PROVIDED DATA ->

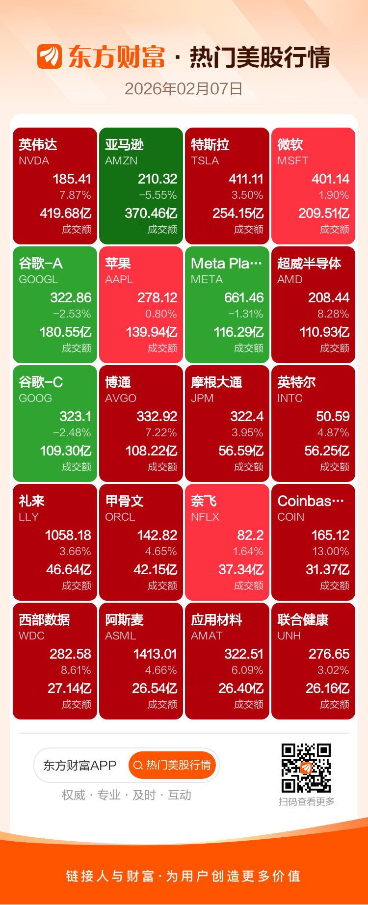 英伟达涨7.87%,亚马逊跌5.55%,特斯拉涨3.50%,微软涨1.90%,谷歌-A跌2.53%,苹果涨0.80%,Meta Platforms Inc-A跌1.31%,超威半导体涨8.28%,谷歌-C跌2.48%,博通涨7.22%。
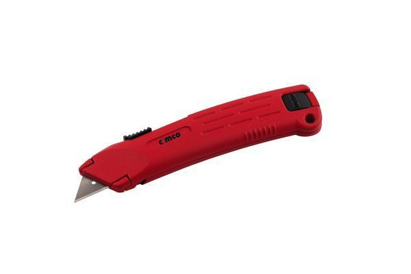 Automatikmesser rot, incl. Trapezklinge. Mit automatischem Klingen-Rückzug. Klingenwechsel werkzeuglos. Integriertes Klingendepot.
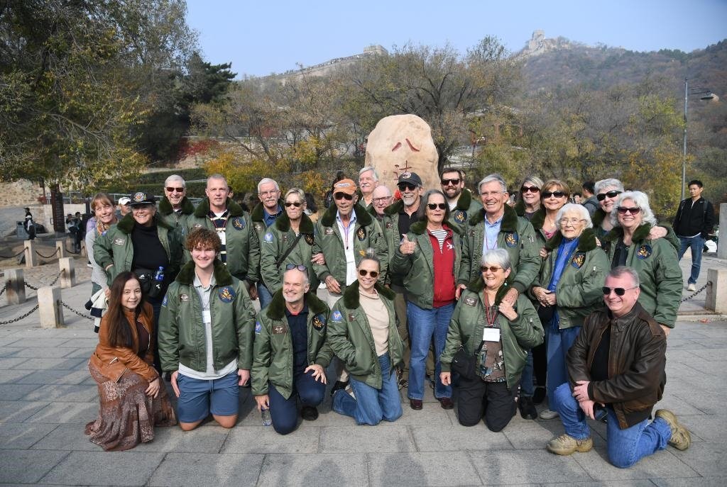 2023年10月29日,飛虎隊(duì)老兵莫耶一行人在北京八達(dá)嶺長(zhǎng)城合影留念。當(dāng)日,美中航空遺產(chǎn)基金會(huì)訪(fǎng)華代表團(tuán)成員陸續(xù)抵達(dá)北京。新華社記者 任超 攝
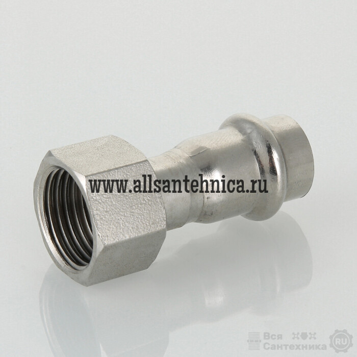 Пресс-соединение – бесштуцерное. Обжатие производится с помощью пресс-инструмента V-профиля. Накидная гайка комплектуется прокладкой.
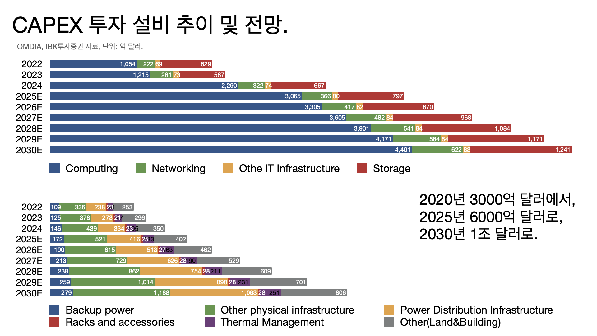 - 세계적으로 AI 관련 설비 투자가 올해 6000억 달러에서 2030년 1조 달러 규모로 늘어날 거라고 하지만 그래도 5조 달러 가치를 설명하기에는 한계가 있다.
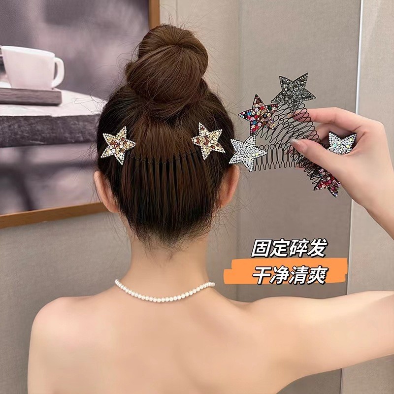 女性用の新しい五芒星の前髪ヘアコーム、2025年ラインストーンスターヘアコーム、後頭部の切れ毛を整理するヘアピン
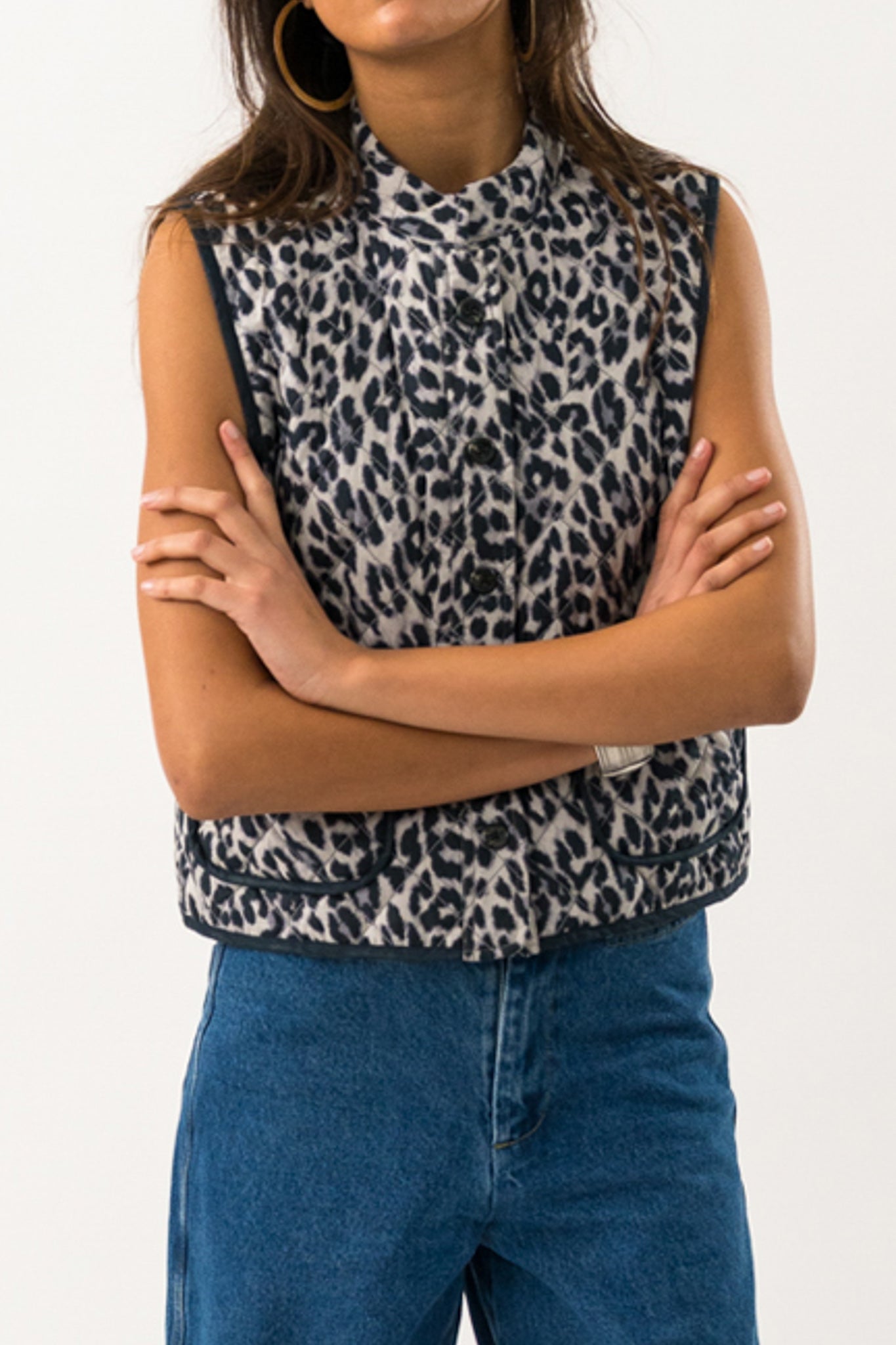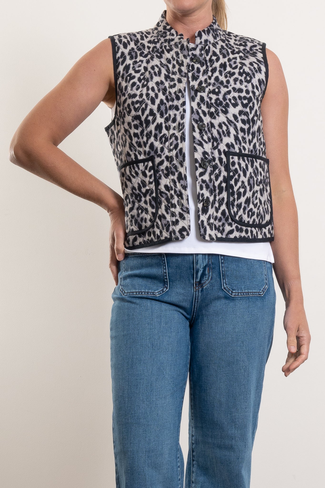 Wildly wearable and endlessly versatile, the Cairo Vest delivers a bold take on trans-seasonal layering. Featuring a sleeveless cut and diamond-quilted finish, this compact style is printed all over in a soft monochrome leopard and finished with neat contrast piping. Patch pockets and a button front give it just enough structure, making it easy to wear open or closed.
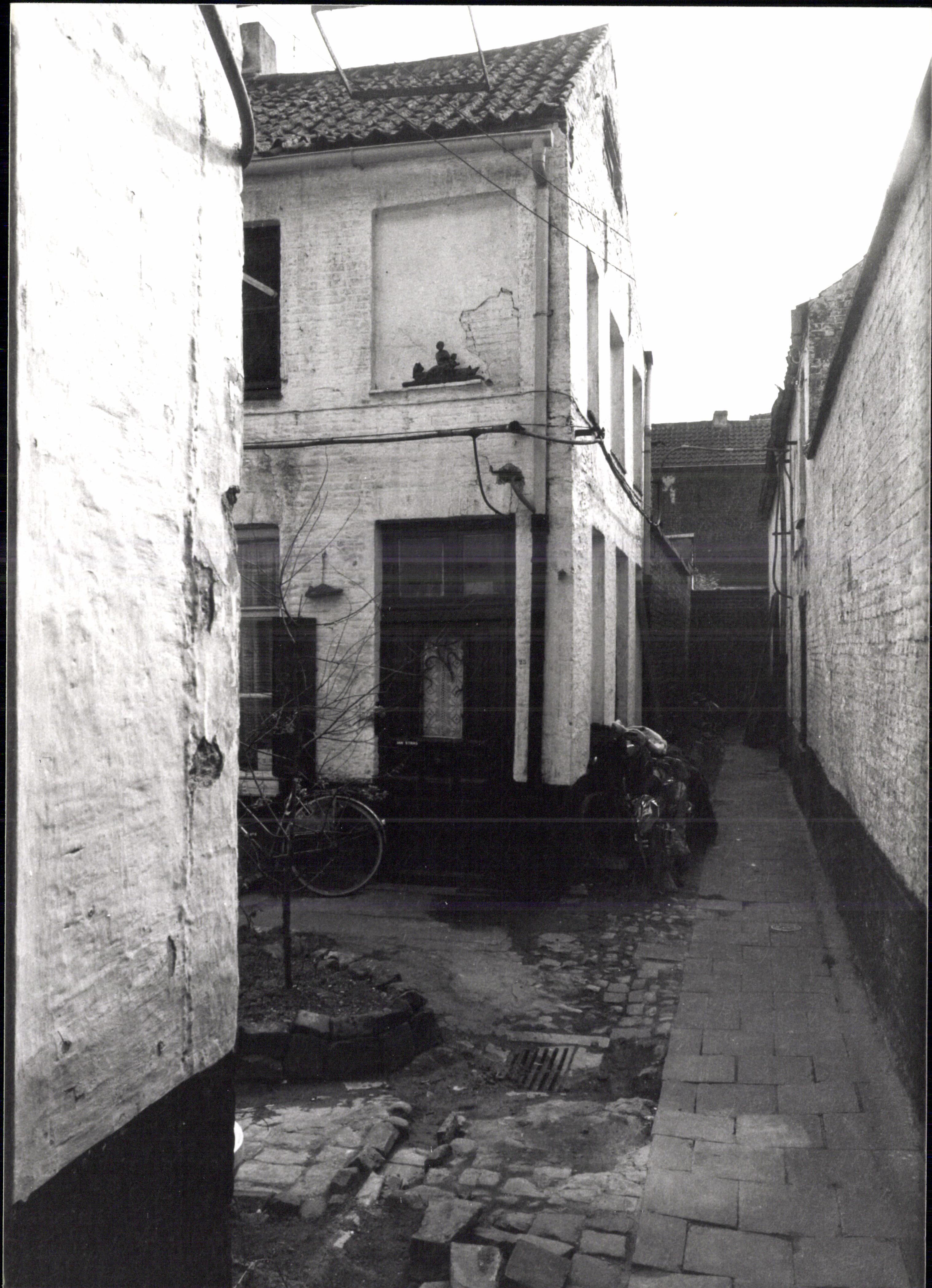 De afbeelding 'Woonhuizen in steegbeluik' wordt ter beschikking gesteld door Agentschap Onroerend Erfgoed (AOE) onder de volgende voorwaarden: Modellicentie voor gratis hergebruik, Naamsvermelding 4.0 Internationaal.
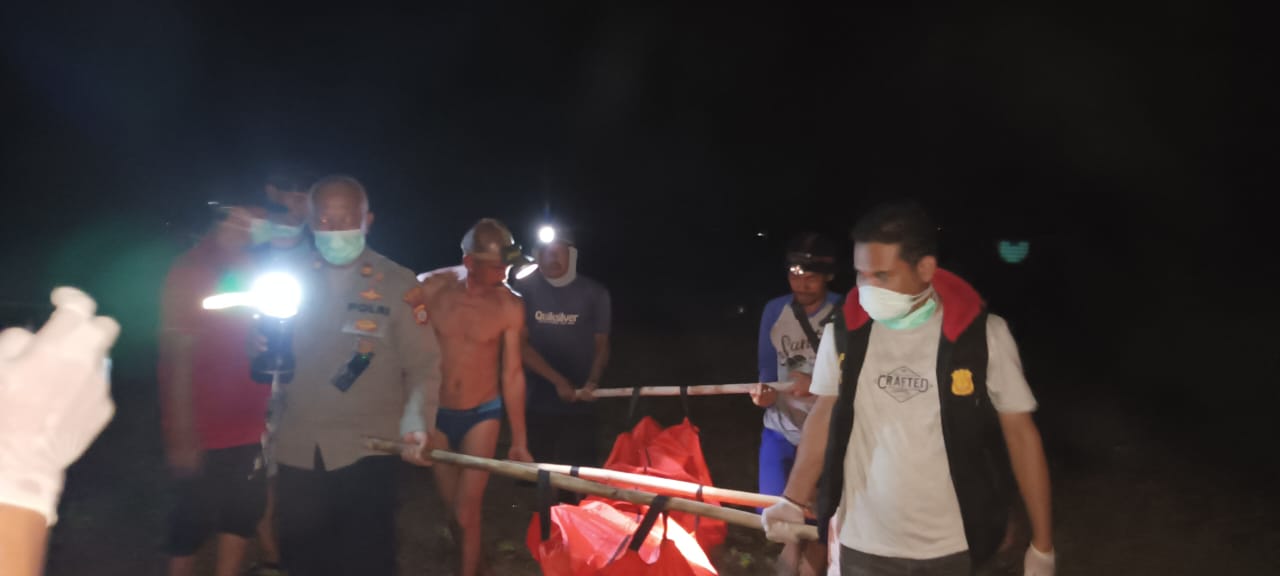 CIANJUR, MB1 II Guna penanganan pertama, personel Polsek Agrabinta mengecek tempat kejadian perkara (TKP) penemuan mayat seorang laki-laki di Muara Cibuni Kampung Cibungur Desa Wangunjaya Kecamatan Ag...
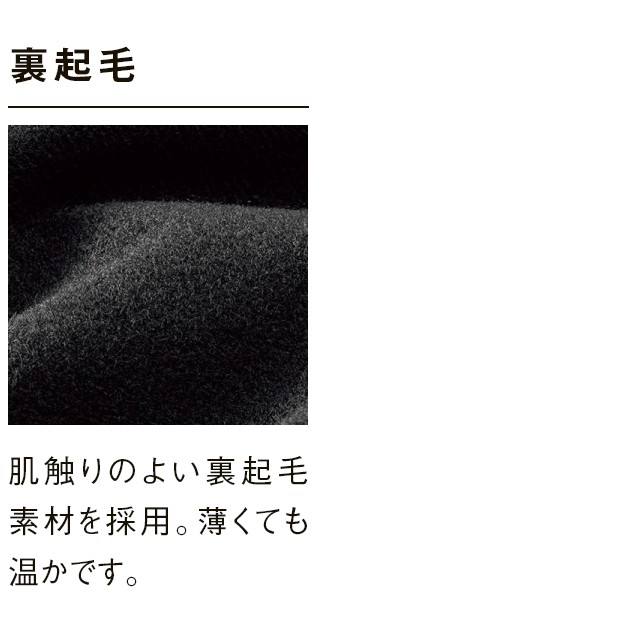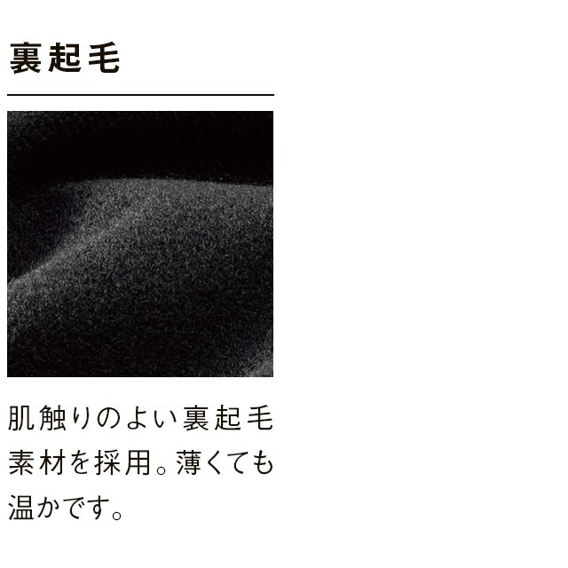 裏起毛素材で保温性を確保し、エアコンによる冷え対策などの、
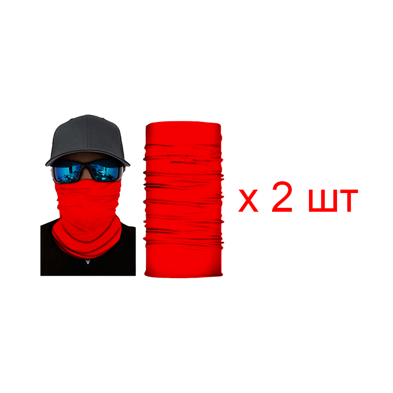 Бандана труба (бафф), цвет красный (Набор 2 шт.)

WHAT NEEDS TO BE DONE ->
Print the listing exactly, minus any pictures.

SOLUTION ->
 英伟达涨7.87%,亚马逊跌5.55%,特斯拉涨3.50%,微软涨1.90%,谷歌-A跌2.53%,苹果涨0.80%,Meta Platforms Inc-A跌1.31%,超威半导体涨8.28%,谷歌-C跌2.48%,博通涨7.22%。
 Automatikmesser rot, incl. Trapezklinge. Mit automatischem Klingen-Rückzug. Klingenwechsel werkzeuglos. Integriertes Klingendepot.
 2023年10月29日,飛虎隊(duì)老兵莫耶一行人在北京八達(dá)嶺長(zhǎng)城合影留念。當(dāng)日,美中航空遺產(chǎn)基金會(huì)訪(fǎng)華代表團(tuán)成員陸續(xù)抵達(dá)北京。新華社記者 任超 攝
 Пресс-соединение – бесштуцерное. Обжатие производится с помощью пресс-инструмента V-профиля. Накидная гайка комплектуется прокладкой.
 - 세계적으로 AI 관련 설비 투자가 올해 6000억 달러에서 2030년 1조 달러 규모로 늘어날 거라고 하지만 그래도 5조 달러 가치를 설명하기에는 한계가 있다.
 女性用の新しい五芒星の前髪ヘアコーム、2025年ラインストーンスターヘアコーム、後頭部の切れ毛を整理するヘアピン
 Wildly wearable and endlessly versatile, the Cairo Vest delivers a bold take on trans-seasonal layering. Featuring a sleeveless cut and diamond-quilted finish, this compact style is printed all over in a soft monochrome leopard and finished with neat contrast piping. Patch pockets and a button front give it just enough structure, making it easy to wear open or closed.
 De afbeelding 'Woonhuizen in steegbeluik' wordt ter beschikking gesteld door Agentschap Onroerend Erfgoed (AOE) onder de volgende voorwaarden: Modellicentie voor gratis hergebruik, Naamsvermelding 4.0 Internationaal.
 CIANJUR, MB1 II Guna penanganan pertama, personel Polsek Agrabinta mengecek tempat kejadian perkara (TKP) penemuan mayat seorang laki-laki di Muara Cibuni Kampung Cibungur Desa Wangunjaya Kecamatan Ag...
 裏起毛素材で保温性を確保し、エアコンによる冷え対策などの、
 Бандана труба (бафф), цвет красный (Набор 2 шт.)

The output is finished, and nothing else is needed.